Your objective:
Exact copy, no pictures: every line from the one that contains "Image 8.2: Detail" through the end of the data below, and nothing else.

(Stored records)
━━━━━━
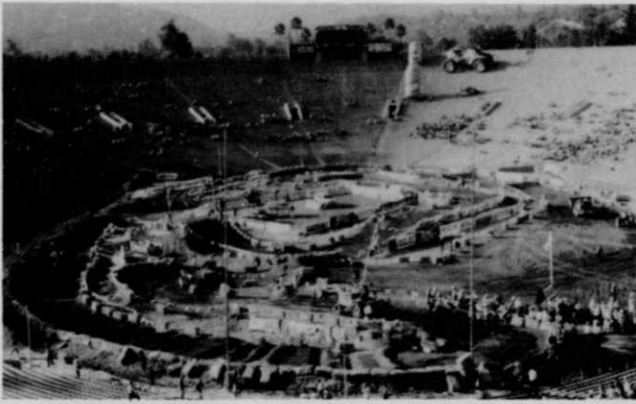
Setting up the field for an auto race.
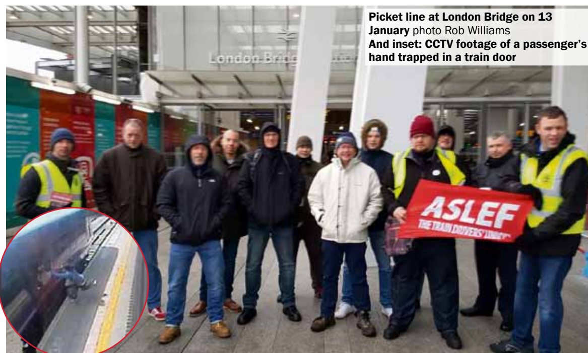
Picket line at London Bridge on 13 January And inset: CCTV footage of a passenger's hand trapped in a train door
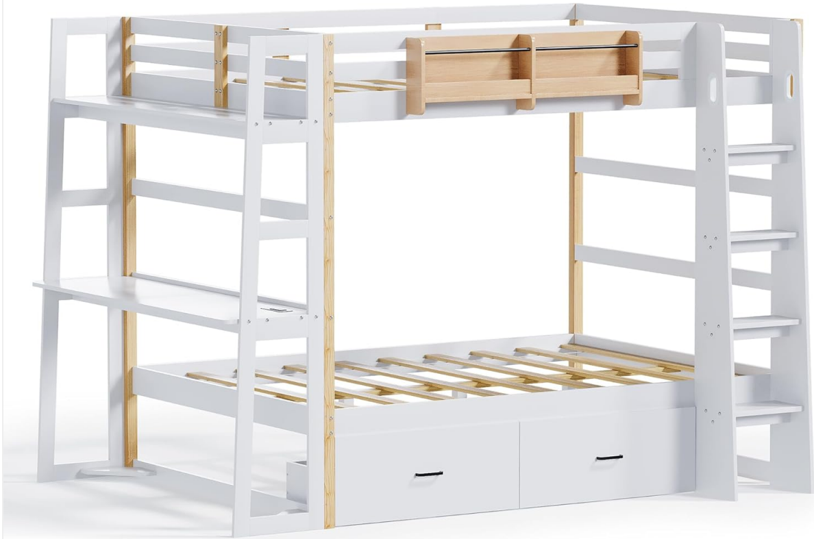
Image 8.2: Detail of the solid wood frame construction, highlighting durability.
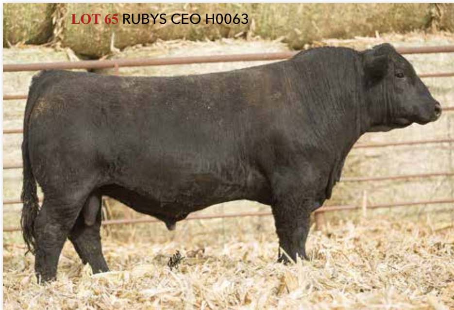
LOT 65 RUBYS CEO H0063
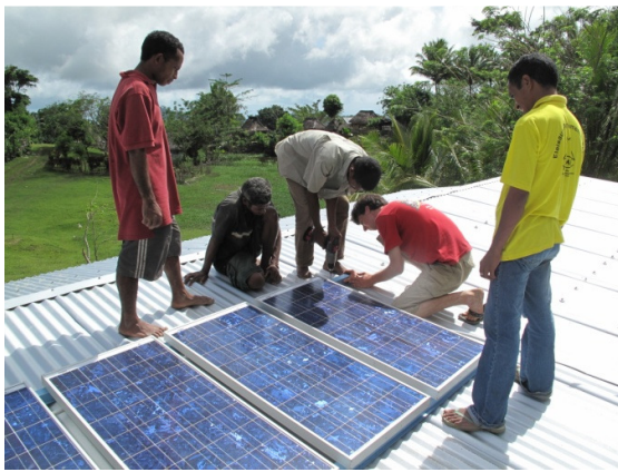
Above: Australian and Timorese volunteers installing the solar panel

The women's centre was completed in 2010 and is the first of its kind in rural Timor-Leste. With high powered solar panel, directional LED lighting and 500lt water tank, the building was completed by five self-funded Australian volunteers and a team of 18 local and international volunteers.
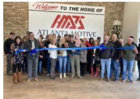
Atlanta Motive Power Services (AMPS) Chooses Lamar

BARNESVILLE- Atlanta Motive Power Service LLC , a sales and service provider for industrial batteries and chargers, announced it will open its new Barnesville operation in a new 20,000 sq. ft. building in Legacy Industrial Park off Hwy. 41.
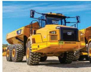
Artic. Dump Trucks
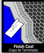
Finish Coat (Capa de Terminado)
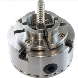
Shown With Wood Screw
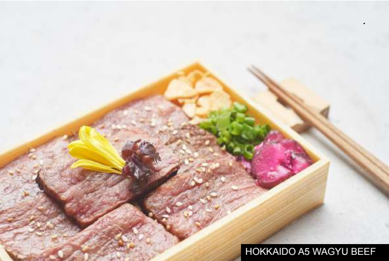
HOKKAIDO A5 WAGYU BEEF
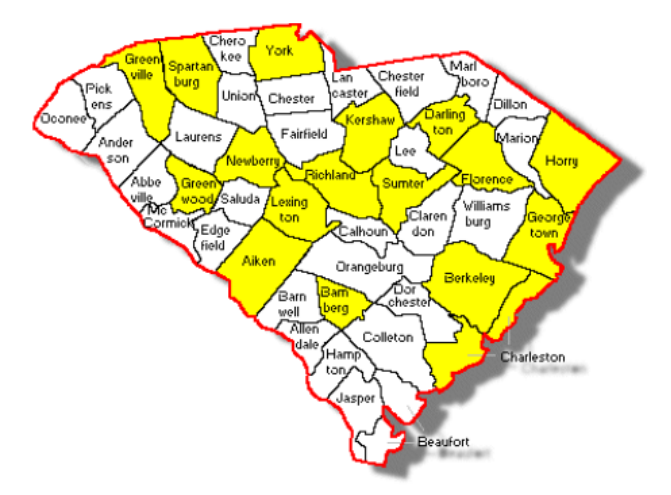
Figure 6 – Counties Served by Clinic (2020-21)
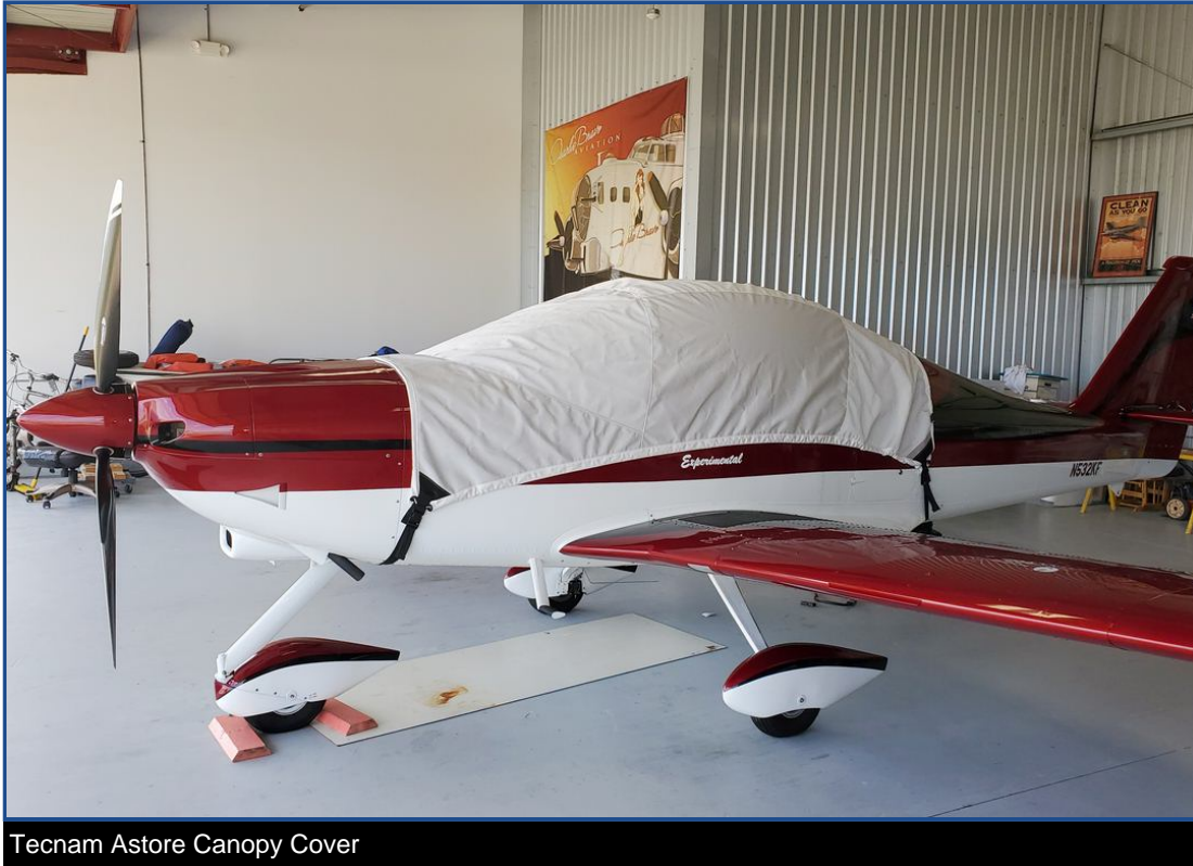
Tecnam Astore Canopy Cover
━━━━━━
Solution:
Image 8.2: Detail of the solid wood frame construction, highlighting durability.
LOT 65 RUBYS CEO H0063
Above: Australian and Timorese volunteers installing the solar panel

The women's centre was completed in 2010 and is the first of its kind in rural Timor-Leste. With high powered solar panel, directional LED lighting and 500lt water tank, the building was completed by five self-funded Australian volunteers and a team of 18 local and international volunteers.
Atlanta Motive Power Services (AMPS) Chooses Lamar

BARNESVILLE- Atlanta Motive Power Service LLC , a sales and service provider for industrial batteries and chargers, announced it will open its new Barnesville operation in a new 20,000 sq. ft. building in Legacy Industrial Park off Hwy. 41.
Artic. Dump Trucks
Finish Coat (Capa de Terminado)
Shown With Wood Screw
HOKKAIDO A5 WAGYU BEEF
Figure 6 – Counties Served by Clinic (2020-21)
Tecnam Astore Canopy Cover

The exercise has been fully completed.